生成性暴露映射模型下非对称关系的量化与交叉拟合推断 (Quantification and cross-fitting inference of asymmetric relations under generative exposure mapping models)

Learning directionality between variables is crucial yet challenging, especially for mechanistic relationships without a priori ordering assumptions. We propose a coefficient of asymmetry to quantify directional asymmetry using Shannon's entropy within a generative exposure mapping (GEM) framework. GEMs arise from experiments where a generative function $g$ maps exposure $X$ to outcome $Y$ through $Y = g(X)$, extended to noise-perturbed GEMs as $Y = g(X) + \epsilon$. Our approach considers a rich class of generative functions while providing statistical inference for uncertainty quantification - a gap in existing bivariate causal discovery techniques.

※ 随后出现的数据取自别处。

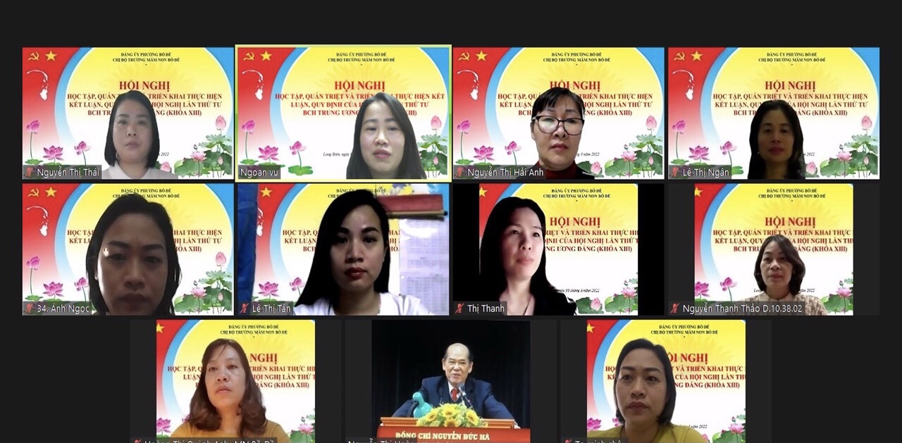 Ngày 08/03/2022 Chi bộ trường mầm non Bồ Đề tổ chức học tập quán triệt, triển khai thực hiện kết luận, quy định của Hội nghị lần thứ tư BCH Trung ương Đảng (khóa XIII) dưới hình thức trực tuyến tới toàn thể các đ/c Đảng viên trong chi bộ.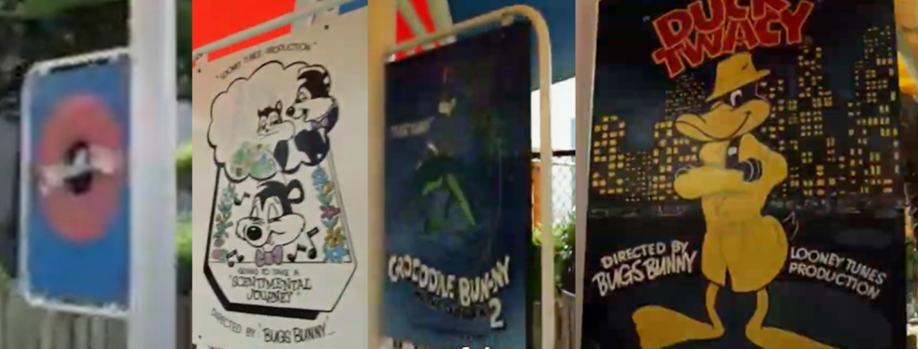 The ride began with guests queuing outside a white colourbond show building decorated as a film studio and labelled “STAGE 14”, standing next to film posters for Duck Twacy (a parody of Dick Tracy), Crocodile Bun-ny 2: In the Outback (a parody of Crocodile Dundee II) and Going to Take a Scentimental Journey and a “That’s all Folks!” poster. They would then be led into a room (with both well-known and lesser known Looney Tunes characters on its walls) where they were welcomed to Looney Tunes Studios in “Hollywood” by a cast member dressed as a tour guide from the Studios’ Public Relations Department holding a microphone. Guests were then informed that they would be taken on a tour of the studio where the latest Looney Tunes film, directed by Bugs Bunny (voiced by Greg Burson; compare to his takes in Macy’s Thanksgiving Day Parade, Tiny Toon Adventures and Animaniacs), was being shot. However, Bugs had thrown a temper tantrum and dug a hole into the centre of the Earth down to Australia, resulting in the film’s production ceasing.[4] The guests would then walk into the reception area, labelled “SOUND STAGES”, where the guide would show them the doors to the Public Relations Department, Sound Stage 4 and Sound Stage 1, and a light that indicated the production status, and also saw Bugs outside a window holding a window blind labelled “BUGS SAYS… NO FLASH PHOTOGRAPHY”.[5][6] Since production had been stopped, the guests would proceed through a door to the next room (Sound Stages 2 and 3), which was filled with goofy and creepy but lovable and amazing animatronic Looney Tunes characters.[7]Foghorn Leghorn (voiced by Greg Burson; compare to his takes in Tiny Toon Adventures, Animaniacs and Looney Tunes: Reality Check) was standing under a studio light and next to a wooden house. The Tasmanian Devil (voiced by archive recordings of Mel Blanc; these almost faint vocal effects were used in other consumer products at the time, like talking toys (such as the Spin and Snarl Tasmanian Devil Plush) and watches, as well as in this Mil-Looney-Um 2000 promotion, and were likely supplied by his son Noel Blanc to be used in the ride’s track; compare to Blanc’saged take in the 1970s and 1980s) was chewing on a piece of wood and was in a hole in the ground that was very close to the house, and was grunting, growling and rasping. Yosemite Sam (voiced by Greg Burson; compare to his take in Animaniacs), Pepé Le Pew (voiced by Greg Burson; compare to his take in Tiny Toon Adventures), who was wearing a red tuxedo, and Daffy Duck (voiced by Joe Alaskey; compare to his takes in Tiny Toon Adventures and Bugs Bunny’s Lunar Tunes) were standing on the front porch of the house (those animatronics were arranged in a manner similar to the animatronics in the Balcony Stages at Pizza Time Theatre). Speedy Gonzales (voiced by Joe Alaskey; compare to his take in Tiny Toon Adventures and his Henery Hawk) was sitting on the roof of the house. Porky Pig (voiced by Bob Bergen; compare to his take in Tiny Toon Adventures), ElmerFudd (voiced by Greg Burson, compare to his takes in Tiny Toon Adventures and this Weetabix commercial), whose hat and rifle were lying on the ground nearby, and Wile E. Coyote were looking down the hole in the ground that Bugs had dug through the middle of the Earth to Australia. Sylvester the Cat (voiced by Joe Alaskey; compare to his take in Tiny Toon Adventures) and Sylvester Junior were licking their lips, rubbing their stomachs, and looking up at Tweety Bird (voiced by Bob Bergen; compare to his take (0:06, 0:42) in Tiny Toon Adventures), who was balancing on the branch of a cardboard tree prop, which Marc Antony (voiced by Noel Blanc; considering that Noel provided archive recordings of Mel as Taz for use in the ride’s track, it is likely that he did Marc Antony’s snoring as well; it does not sound like Greg Burson, Joe Alaskey or Bob Bergen) was sleeping against. The tour guide would say, “As you already know this picture is overscheduled, and way overbudget. Do you guys realize how much this delay is costing the company? Well, do you? Where’s the director? Where’s the star? Where is Bugs Bunny? Have you seen him?” After that the Road Runner (voiced by archive recordings of Paul Julian, taken from Zoom and Bored) would emerge from a hole in the roof of the house saying, “Beep, beep!”[5][6] The tour guide would say, “Well, first, it seems Bugs has stormed off the set, down that hole, and no one seems to know what is going on.” He or she would then ask Foghorn, “How are we gonna get him back? You have got to start all the way again, Foghorn. Where is he going?” or “Now Foghorn, for the last time, please explain to me exactly what happened.” A light would shine on Foghorn, after which his left arm would raise, and when it was around shoulder height he would begin to talk.[8][9] Foghorn would respond to the tour guide by telling him or her, “That darn… ah say, that darn rabbit got handed the directah[‘s chair]. Dug this heah hole, an’ he’s gone!”[8] It was up to the tour guide to keep up with the animatronics, as Elmer would say, “I’ww bet he’s heading fow Austwawia.”[9][8] The tour guide would say, “Australia?” Foghorn would say, “We got… ah say, we gotta trah an’ get him back!”[10] The tour guide would say, “That’s all very well, but how?” Foghorn would say, “Ah haven’t… ah say, ah haven’t decahded. We could follow him in the earth drill on Stage 2, or with the Tasmanian Devil heahs dahn this dark hole.” The tour guide would say, “I’m not putting my guests down that hole. I know, why don’t you guys follow Taz down the hole, and I’ll take our guests onto the next sound stage and into the earth drill? Now the earth drill’s an authentic working model from another movie, a space picture as you will see from the set. I’ll reprogram the computer as to allow us to follow Bugs Bunny r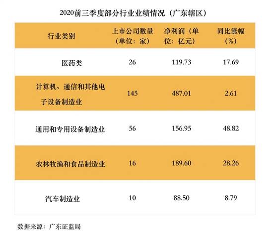 羊城晚报记者 丁玲 前三季度广东上市公司经营业绩持续回升,总体优于全国。近日,羊城晚报记者从广东证监局获悉,今年前三季度,广东664家上市公司克服新冠肺炎疫情等因素影响,整体经营业绩加速复苏,盈利企业数量持续增长,营业总收入增速回正,多项主要业绩指标优于全国。其中第三季度营业收入、净利润延续二季度的增长势头,增速明显加快,为广东应对疫情冲击、地方经济稳步复苏发挥了中流砥柱作用。 实现营业总收入5.14万亿元 从整体来看,前三季度广东上市公司业绩呈持续复苏态势。广东证监局数据显示,前三季度,广东664家上市公司实现营业总收入5.14万亿元,同比增幅由上半年的-0.99%转为3.12%,高于全国上市公司2.72个百分点;归属于母公司股东的净利润5103.74亿元,同比降幅由上半年的13.71%收窄至4.48%,低于全国上市公司2.22个百分点。截至9月30日,广东上市公司总资产达36.43万亿元,净资产为6.88万亿元,较年初分别增长10.53%、10.08%。 其中,实体公司为全省上市公司整体业绩复苏提供了强力支撑。前三季度,广东627家非金融、地产业的实体上市公司共实现营业收入3.21万亿元,同比增幅由上半年的-3.45%转为0.94%,实现净利润2174.09亿元,同比降幅由上半年的13.96%收窄至1.12%。 值得一提的是,三季度业绩增速明显加快。第三季度,广东664家上市公司实现营业总收入1.9万亿元,环比增长6.04%,同比增长10.86%,较第一、第二季度增速分别加快20.92个百分点、2.98个百分点;实现净利润1974.26亿元,环比增长1.27%,同比增长14.34%,较第一、第二季度增速分别加快43.55个百分点、15.08个百分点。 同时,盈利企业数量也有所增多。前三季度,广东有564家上市公司披露盈利,较上半年增加15家,盈利面达84.94%,较上半年扩大2.59个百分点,高于全国(84.4%)。全省过半数上市公司(333家)实现净利润同比正增长或扭亏,其中141家公司净利润同比增长50%以上,86家公司实现翻倍,26家扭亏为盈。 医药行业业绩保持快速增长 具体到行业方面,前三季度疫情防控相关行业业绩保持快速增长。 医药行业整体净利润涨幅较大。前三季度,26家医药类上市公司实现净利润119.73亿元,同比增长17.69%。其中新冠病毒检测试剂制造及服务龙头企业达安基因、华大基因、金域医学净利润增幅分别超18倍、9倍、2.3倍,口罩等防疫物资重点保障企业阳普医疗、稳健医疗净利润增幅分别超8倍、6.78倍。 电子信息、装备制造等支柱行业业绩也表现良好。前三季度,145家计算机、通信和其他电子设备制造业上市公司实现净利润487.01亿元,同比增长2.61%。56家通用和专用设备制造业上市公司实现营业收入984.37亿元、净利润156.95亿元,分别同比增长17.99%和48.82%,其中中船防务实现净利润33.18亿元,同比增长44.32倍。16家农林牧渔和食品制造业上市公司实现营业收入1449.14亿元、净利润189.6亿元,同比分别增长15.86%和28.26%,其中温氏股份实现净利润82.41亿元,同比增长35.43%。 外贸型公司正在加速复苏 值得关注的是,包括汽车、外贸在内的众多此前受疫情影响较大的行业也正加速复苏,实现业绩正向增长。 在疫情冲击下,汽车行业一季度生产经营曾一度休克,此后经营业绩逐季回升。前三季度,广东10家汽车制造业上市公司共实现营业收入1589.38亿元,同比增幅由上半年的-5.25%转为7.74%,实现净利润88.5亿元,同比增幅由上半年的-34.34%转为8.79%,一举扭转了上半年整体业绩下降的局面。其中,第三季度实现营业收入664.68亿元、净利润46.3亿元,同比分别增长33.13%、170.92%,较第二季度增幅分别加快13.81个百分点和128.35个百分点。广汽集团第三季度汽车产量59.29万辆,同比增长19.53%,实现营业收入175.07亿元、净利润26.84亿元,同比分别增长19.26%、89.55%,环比分别增长18.58%、22%。 外贸型上市公司业绩也恢复增长。2019年,广东共有402家上市公司披露海外业务收入超过1000万元。这类上市公司外贸业务受国内外疫情持续影响较大,但在国家和广东省出台的稳外贸等政策支持下,经营基本恢复正常,扭转了业绩持续下降的势头。前三季度,上述上市公司合计实现营业收入2.8万亿元,同比增长2.94%,增幅较上半年扩大4.64个百分点,实现净利润2790.42亿元,同比下降0.11%,降幅较上半年收窄9.29个百分点。其中,第三季度共实现营业收入1.07万亿元、净利润1111.67亿元,同比分别增长12.34%、18.21%。 相关链接 广东证监局重抓上市公司质量 为深入学习贯彻《国务院关于进一步提高上市公司质量的意见》(以下简称《意见》),推动提高广东辖区上市公司质量,广东上市公司董事长学习贯彻《意见》精神专题培训班日前在珠海举办。 广东证监局党委书记、局长杨宗儒表示,广东辖区上市公司积极利用资本市场不断发展壮大,已经成长为实体经济的“基本盘”和企业改革创新的“排头兵”,为广东经济高质量发展作出重要贡献。但受经济下行压力加大、国际经贸环境复杂多变等因素影响,辖区部分上市公司经营绩效持续滑坡,治理运作不够规范,少数公司风险隐患不容忽视。 对此,近年来广东证监局坚持“严监管、促合规、防风险、优服务、助发展”的监管理念,将提高上市公司质量作为监管工作的首要任务抓紧抓好。 下一步,广东证监局将深入贯彻落实国务院《意见》精神,不断提升监管服务水平,推动完善政策环境和生态体系,争取在优化上市资源配置、压降存量风险、控制增量风险、提

We establish large-sample theoretical guarantees through data-splitting and cross-fitting techniques, implementing fast Fourier transformation-based density estimation to avoid parameter tuning. The methodology accommodates contamination in outcome measurements. Extensive simulations demonstrate superior performance compared to competing causal discovery methods. Applied to epigenetic data examining DNA methylation and blood pressure relationships, our method unveils novel pathways for cardiovascular disease genes \emph{FGF5} and \emph{HSD11B2}. This framework serves as a discovery tool for improving scientific research rigor, with GEM-induced asymmetry representing a low-dimensional imprint of underlying causality

翻译：学习变量间的方向性至关重要但极具挑战性，尤其对于缺乏先验排序假设的机制性关系。我们提出一种非对称系数，利用香农熵在生成性暴露映射（GEM）框架内量化方向性非对称。GEM源于实验，其中生成函数$g$通过$Y = g(X)$将暴露$X$映射至结果$Y$，并扩展至噪声干扰的GEM形式$Y = g(X) + \\epsilon$。该方法考虑了一类丰富的生成函数，同时为不确定性量化提供统计推断——这是现有双变量因果发现技术中的一个空白。我们通过数据分割与交叉拟合技术建立了大样本理论保证，并采用基于快速傅里叶变换的密度估计以避免参数调优。该方法可适应结果测量中的污染问题。大量仿真实验表明，相较于现有因果发现方法，本方法具有更优性能。在应用于研究DNA甲基化与血压关系的表观遗传学数据时，我们的方法揭示了心血管疾病基因\\emph{FGF5}和\\emph{HSD11B2}的新通路。该框架可作为提升科学研究严谨性的发现工具，其中GEM诱导的非对称性代表了底层因果性的低维印记。